None of these movements owed their origin to religion or religious belief. Although born a Catholic, Hitler early rejected his faith and became an atheist who hated Christianity almost as much as he despised Judaism. The founder of Communism in Russia was Nikolai Lenin who also became an atheist after rejecting his Jewish heritage. Joseph Stalin, Lenin’s brutal successor in Russia, also rejected his Russian Orthodox origins to become an atheist. In China, the atheist Chairman Mao had no use for the traditional religions of China.

Indeed, religion had to be ridiculed, attacked, and brutally persecuted in each of these Totalitarian societies as a necessary step toward the attainment of their goals. We all know that over 50,000,000 people died at the hands of these Totalitarian atheists.

So the claim that Hitchens made is not based on science or scientific method. Nevertheless, it is part of the belief system of the “New Atheists.” In saying this I am not equating Hitchens with Hitler, Stalin, or Chairman Mao. That would be unfair. Despite his bitterness and anger he is probably a decent fellow who wouldn’t hurt a fly.

Nevertheless, when he criticizes St. Robert Bellarmine for his role in the Galileo case, he engages in a specious and unfair practice. Instead of questioning the myths that have grown up about the Galileo case, he is content to set up a straw man that can be easily knocked over to gain a “rousing reception.”

Cardinal Bellarmine was perhaps the greatest scholar of the early 17th century. Besides his theological and devotional works, he was an avid student and supporter of the new science. When Galileo’s opponents, mainly university professors, initially accused him, Bellarmine was put in charge of the case. Any historian of science knows that Bellarmine did all he could to let Galileo beat the rap. Galileo was let go only with the injunction that until he had definite scientific proof of his hypothesis, he continue to treat it as just a hypothesis, and not as a settled theory. He was specifically required to keep his “science” out of the area of “religion” unless he did have definite proof. Galileo did not have the technological tools needed to “prove” his case, and he knew it. It was only 300 years later that scientists were able to discover the “stellar parallax!”

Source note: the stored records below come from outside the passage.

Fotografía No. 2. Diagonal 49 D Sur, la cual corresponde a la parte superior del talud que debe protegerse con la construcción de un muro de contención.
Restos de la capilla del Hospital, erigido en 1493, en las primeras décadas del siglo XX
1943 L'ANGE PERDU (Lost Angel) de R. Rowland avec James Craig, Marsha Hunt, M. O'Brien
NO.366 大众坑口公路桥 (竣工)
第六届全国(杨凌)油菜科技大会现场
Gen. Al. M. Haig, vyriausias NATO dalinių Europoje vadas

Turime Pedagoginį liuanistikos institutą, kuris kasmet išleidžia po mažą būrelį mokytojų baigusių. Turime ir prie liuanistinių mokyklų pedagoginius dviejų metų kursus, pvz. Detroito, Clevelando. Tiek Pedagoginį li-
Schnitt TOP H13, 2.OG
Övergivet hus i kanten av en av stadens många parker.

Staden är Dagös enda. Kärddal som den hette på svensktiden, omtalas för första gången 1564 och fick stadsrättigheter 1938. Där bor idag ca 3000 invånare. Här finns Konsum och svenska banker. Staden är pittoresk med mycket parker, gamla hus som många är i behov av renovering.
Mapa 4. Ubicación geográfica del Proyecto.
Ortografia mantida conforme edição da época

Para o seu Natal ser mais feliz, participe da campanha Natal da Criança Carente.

Nevertheless, Galileo got off with a mere slap on the wrist and was not troubled by any authority for the next 20 years. In the meantime, Bellarmine died and the final trial did not take place until about 20 years after his death.

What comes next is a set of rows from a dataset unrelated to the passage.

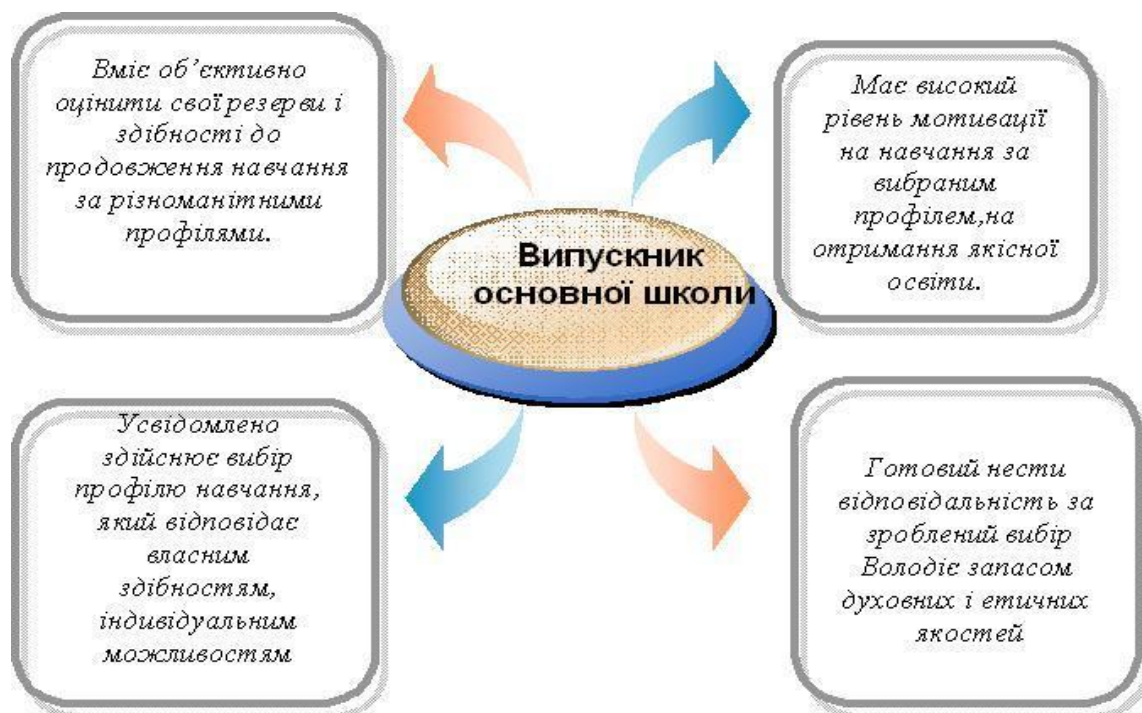
Рис. 1. Модель особистості випускника школи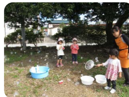
うちわの骨を使ってのしゃぼん玉もしたよ~ たくさんのしゃぼん玉が飛んでいったね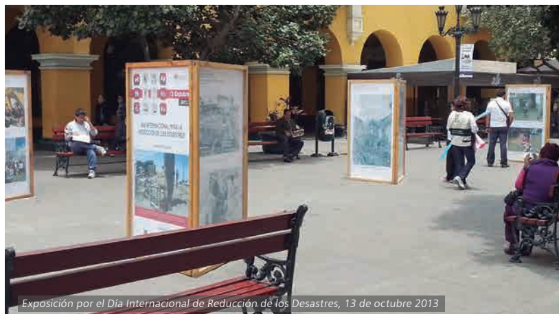
Exposición por el Día Internacional de Reducción de los Desastres, 13 de octubre 2013

elaboración de cursos relacionados con el tema.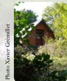
Bâtiment construit en 2006 pour les mammifères sauvages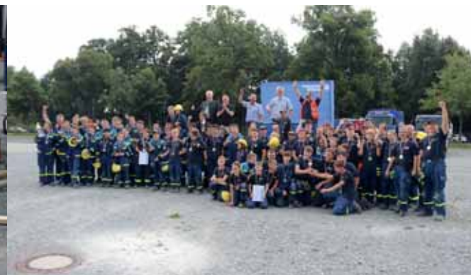
Bezirksjugendwettkampf in Bayreuth (links) mit Gruppenfoto nach der anschließenden Siegerehrung (rechts)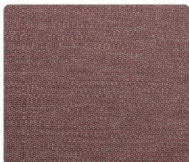
GL07 | Tasmania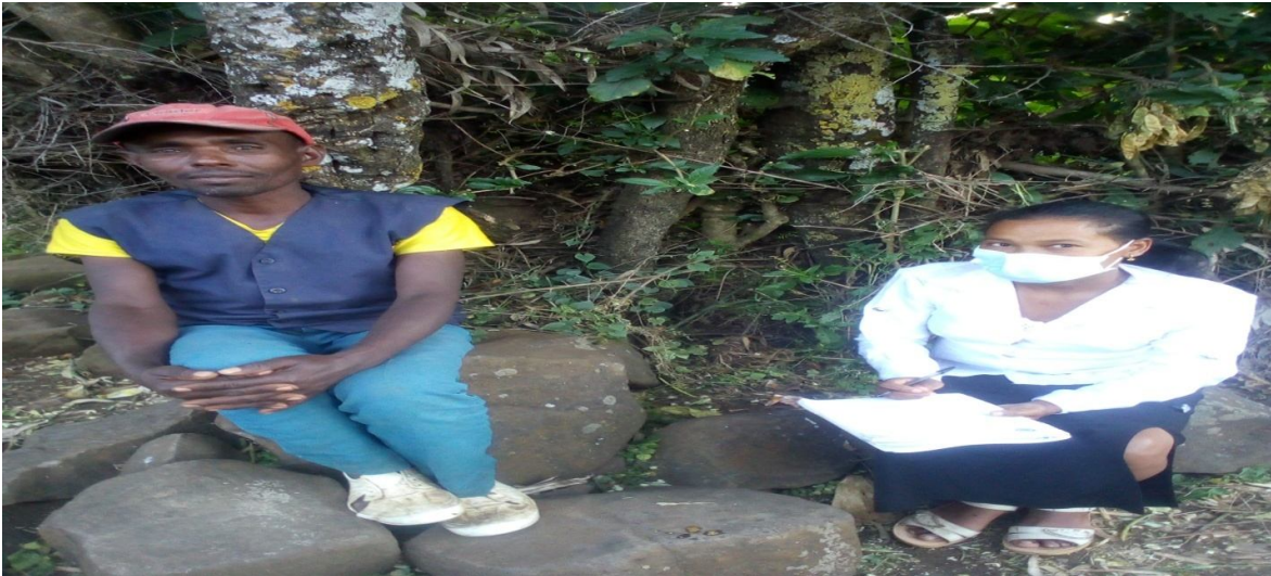
Suuraa 2. Yeroo afgaaffiin ob.Tolasaa Garradoo guyyaa guyyaa 26/02/2013 adeemsiifame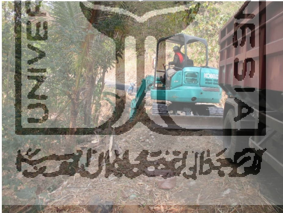
Lampira 15 Foto keadaan lokasi proyek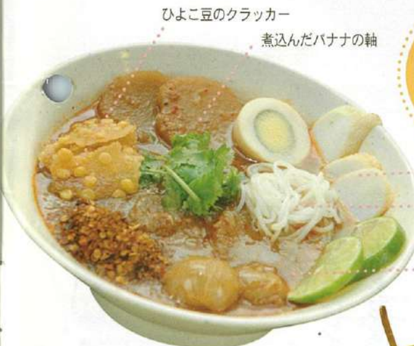
ひよこ豆のクラッカー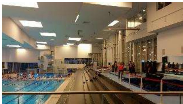
Fylkeskommunalt investeringstilskot til anlegg for nasjonale og internasjonale meisterskap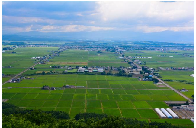
上川郡東川町の風景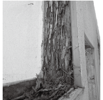
3. 窓のサッシを外して内部を見ると、 壁に中の柱まで食い荒らされている

を調べるところからお付き合いが始まり、弁護士を通 じての再調査、正式な報告書作成、裁判、和解後、住 宅リフォーム時の防蟻工事まで関わりました。(お客 様は元住人に賠償請求した。)

Even for that famous trial the myths have persisted. Galileo was never tortured. Even after being found guilty he was merely confined to his villa in Florence where he continued to enjoy the favor and support of his Medici patrons. His punishment was merely to recite the seven penitential Psalms, a chore he conveniently passed on to his daughter, a nun living in a nearby convent.

Although most of its students don’t realize it, most of Fairfield University’s halls are named after Jesuit saints like St. Robert Bellarmine. Some like St. Edmund Campion were even martyrs for their faith. Indeed, it was people of faith whose faith built the University in the first place.

Compare the number of colleges and universities in this country built by religion to the number built by atheism. All these institutions were dedicated to the search for truth and saw no conflict between faith and science. Indeed, it is to Fairfield University’s credit that it chose to invite an atheist to its “Open Visions” program. Compare this practice to the innumerable institutions of higher learning in this country where even the idea of “intelligent design” cannot be studied or even mentioned. The moderator should have asked Hitchens about “Climategate” where scientists recently conspired to suppress scientific evidence contrary to their own beliefs.

Hitchens has won fame and fortune ridiculing the cruel god of his childhood. But he still talks like a child when he argues that anyone who would prefer Jesus to Socrates is “intellectually defective.” Why not investigate the teachings of both Jesus and Socrates? What part of “love one another” does Hitchens not understand?